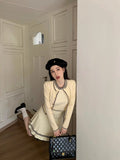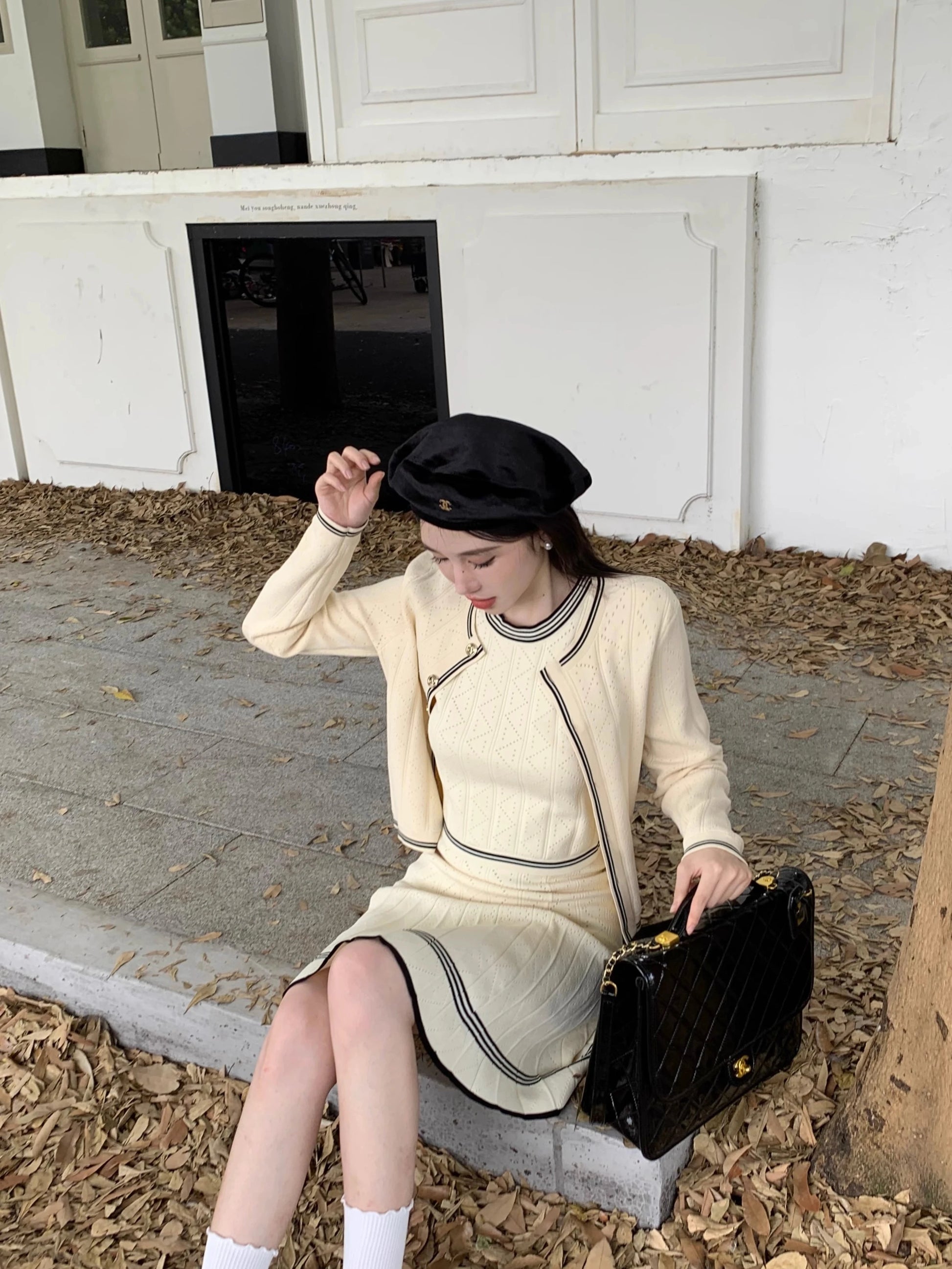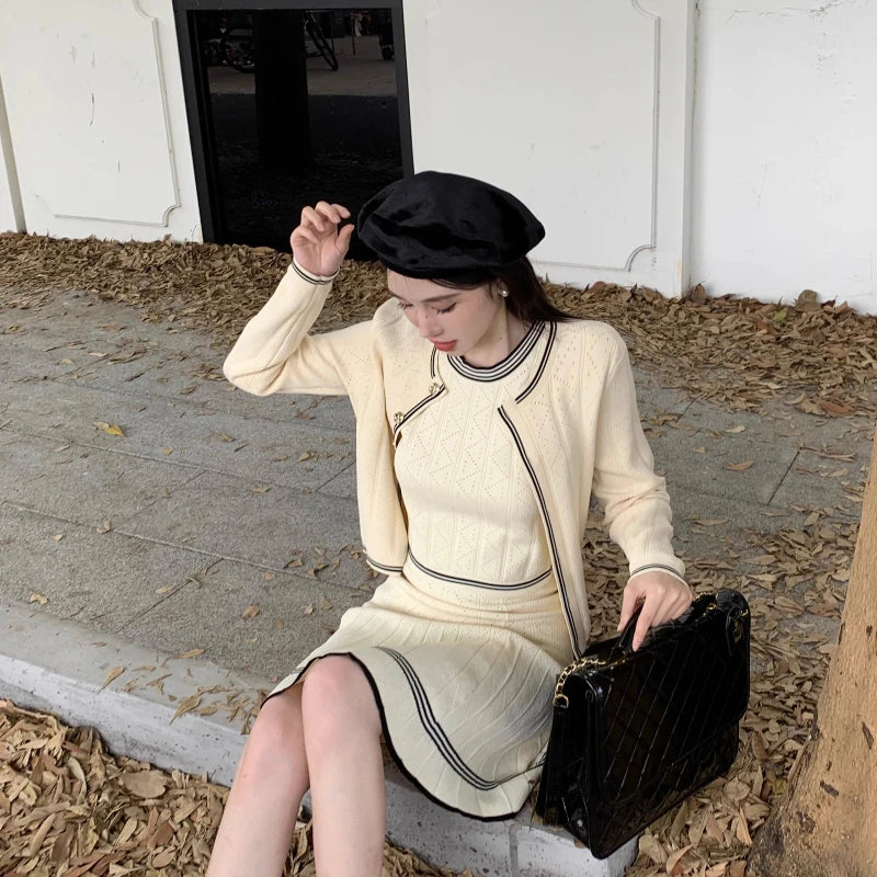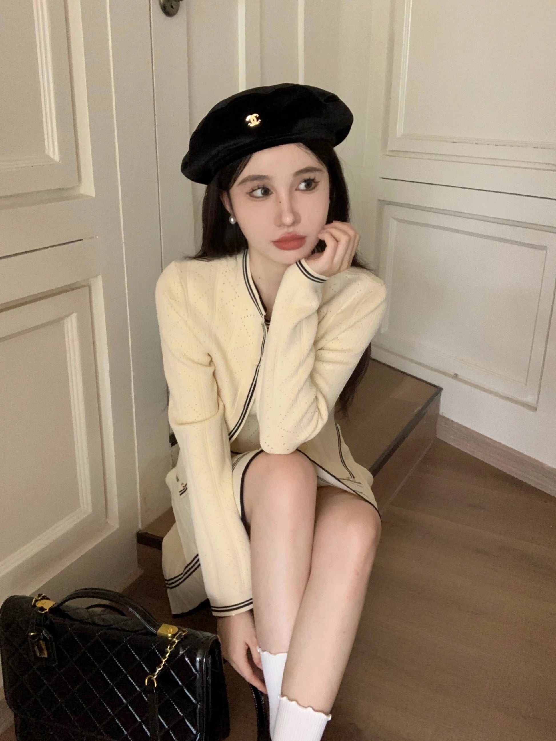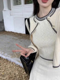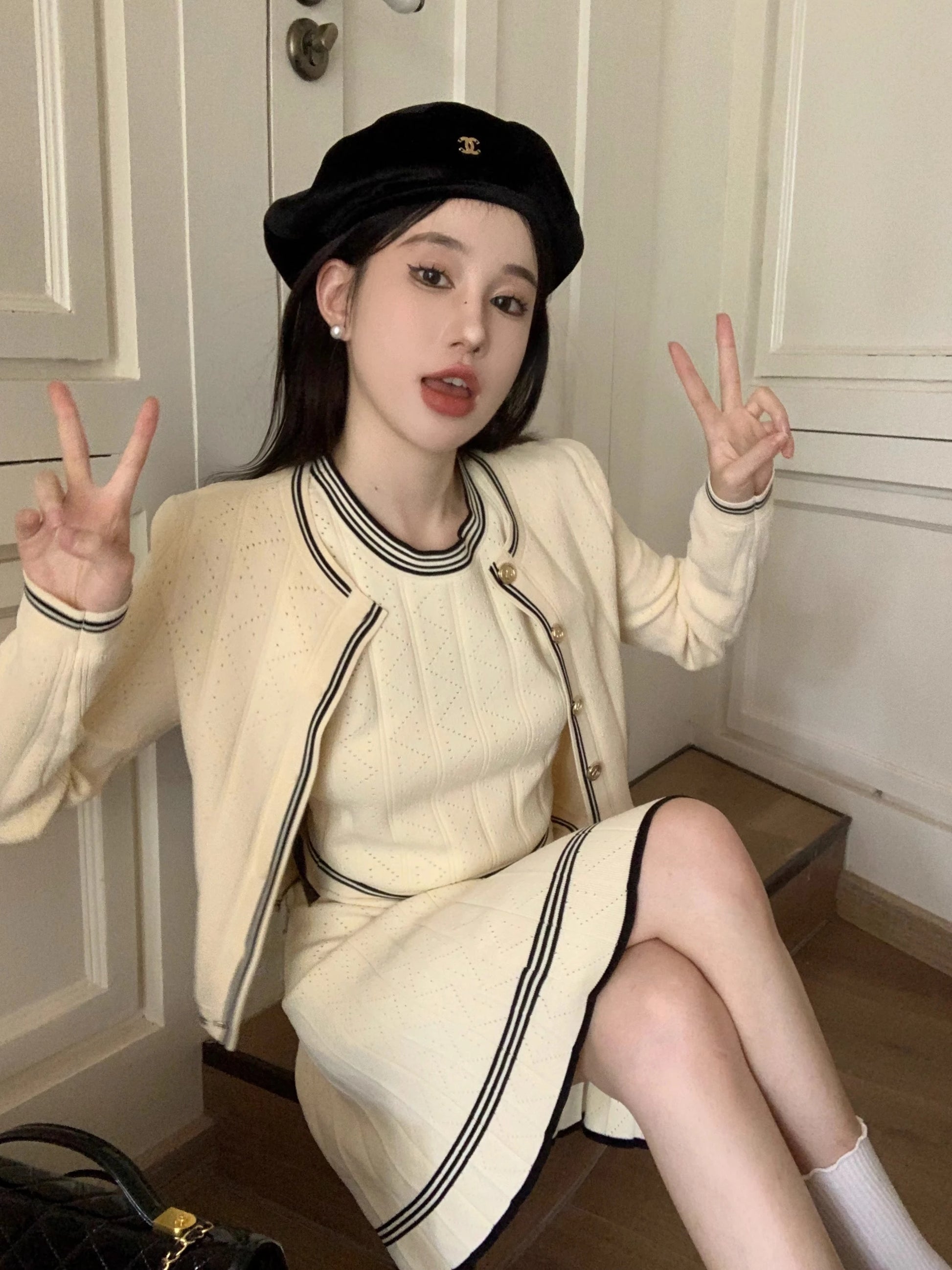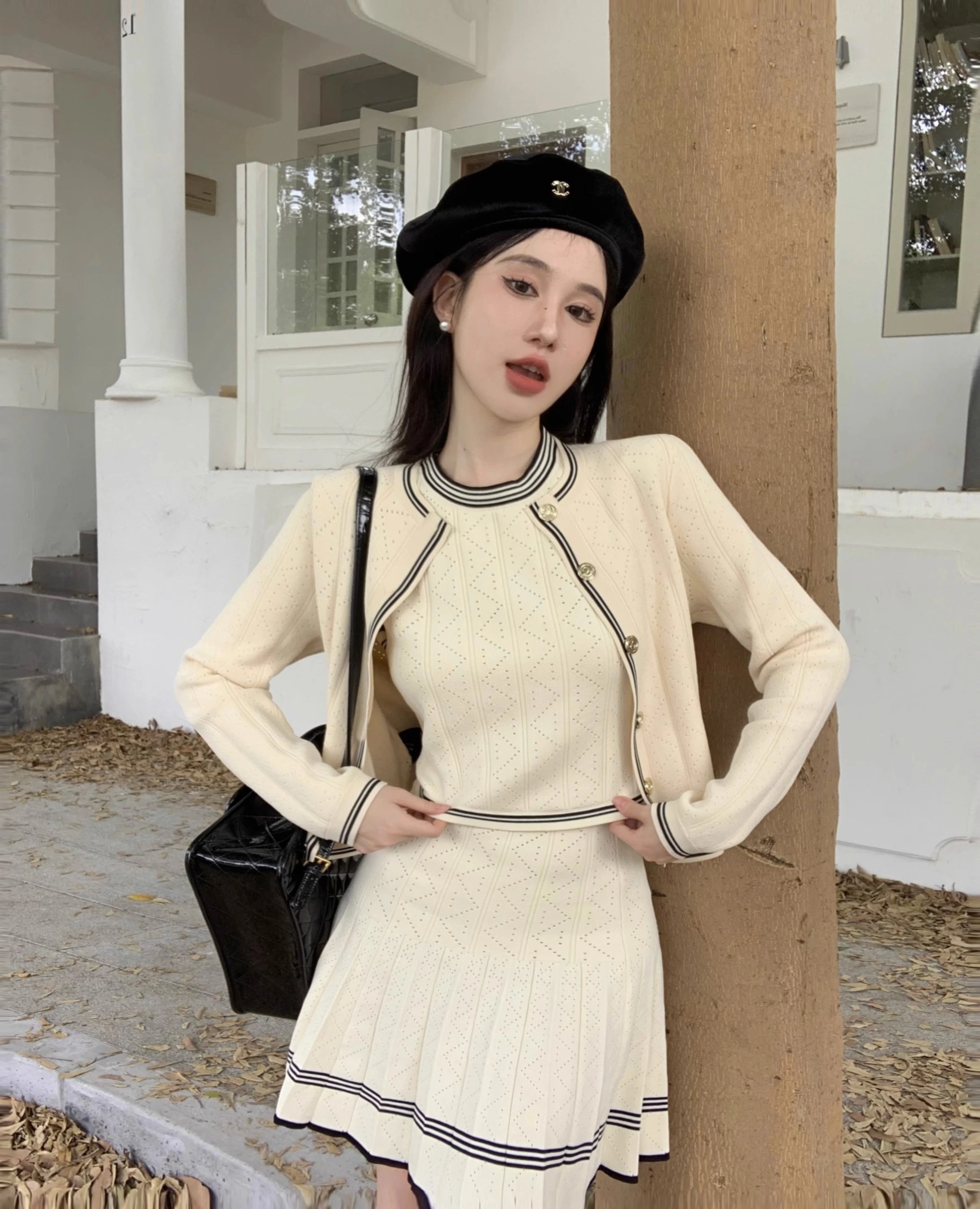 Women 3 Pieces Sets Knitted Tanks Button-up Cardigans High Waist Mini Pleated Skirts Streetwear Gentle Fashion Soft Elegant New
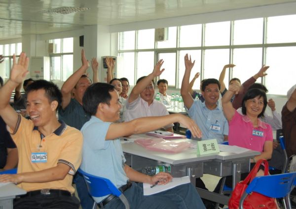 培训班10月29日开班,共有35名学员参训,由台湾资深培训师潘良吉先生授课。培训内容富厚多彩,形式多样,不但有理论授课、经验交流和示范案例研讨,更有身临其境的一分钟、三分钟和五分钟的拭魅战演练,让学员领略了企业培训师的风范,抵达了加速公司内部师资和“四支人才步队”建设程序的目的。
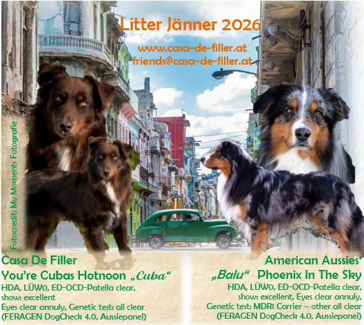 Diese Verpaarung führt all die Aussielinien zusammen, die uns seit 30 Jahren Aussiezucht begleiten. Puk (Springfever, Touchstone, Mistretta...) ist ein perfekter Allrounder. Die Teamprüfungen bis BgH3 absolvierte er mit seinem Frauli Jeannette genauso brav wie seine Trainings in Agility und beim Schafe hüten. Loona (Diamond Aire, Touchstone, Mistretta) engagiert sich sehr bei allen sportlichen Aktivtäten. Besonders gerne läuft sie mit am E-bike und liebt das Schwimmern heiß. Das Hüten an den Schafen macht viel Spaß mit ihr, da sie dabei Ruhe und Besonnenheit zeigt.
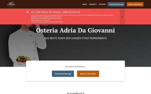 Description: Bestellen Sie online zum Mitnehmen oder reservieren Sie einen Tisch. Bei Osteria Adria Da Giovanni in Burgerbach erleben Sie köstliche Pizza, Salate, Pasta Küche. Probieren Sie unsere köstlichen Gerichte aus, die sorgfältig aus frischen Zutaten...
--- --- ---
## Goal of the exercise
Leaving the pictures aside, transcribe only the lines from the one containing "Diese Verpaarung führt" to the final line of the listing above, inclusive, exactly as they appear.

## Reply
 Diese Verpaarung führt all die Aussielinien zusammen, die uns seit 30 Jahren Aussiezucht begleiten. Puk (Springfever, Touchstone, Mistretta...) ist ein perfekter Allrounder. Die Teamprüfungen bis BgH3 absolvierte er mit seinem Frauli Jeannette genauso brav wie seine Trainings in Agility und beim Schafe hüten. Loona (Diamond Aire, Touchstone, Mistretta) engagiert sich sehr bei allen sportlichen Aktivtäten. Besonders gerne läuft sie mit am E-bike und liebt das Schwimmern heiß. Das Hüten an den Schafen macht viel Spaß mit ihr, da sie dabei Ruhe und Besonnenheit zeigt.
 Description: Bestellen Sie online zum Mitnehmen oder reservieren Sie einen Tisch. Bei Osteria Adria Da Giovanni in Burgerbach erleben Sie köstliche Pizza, Salate, Pasta Küche. Probieren Sie unsere köstlichen Gerichte aus, die sorgfältig aus frischen Zutaten...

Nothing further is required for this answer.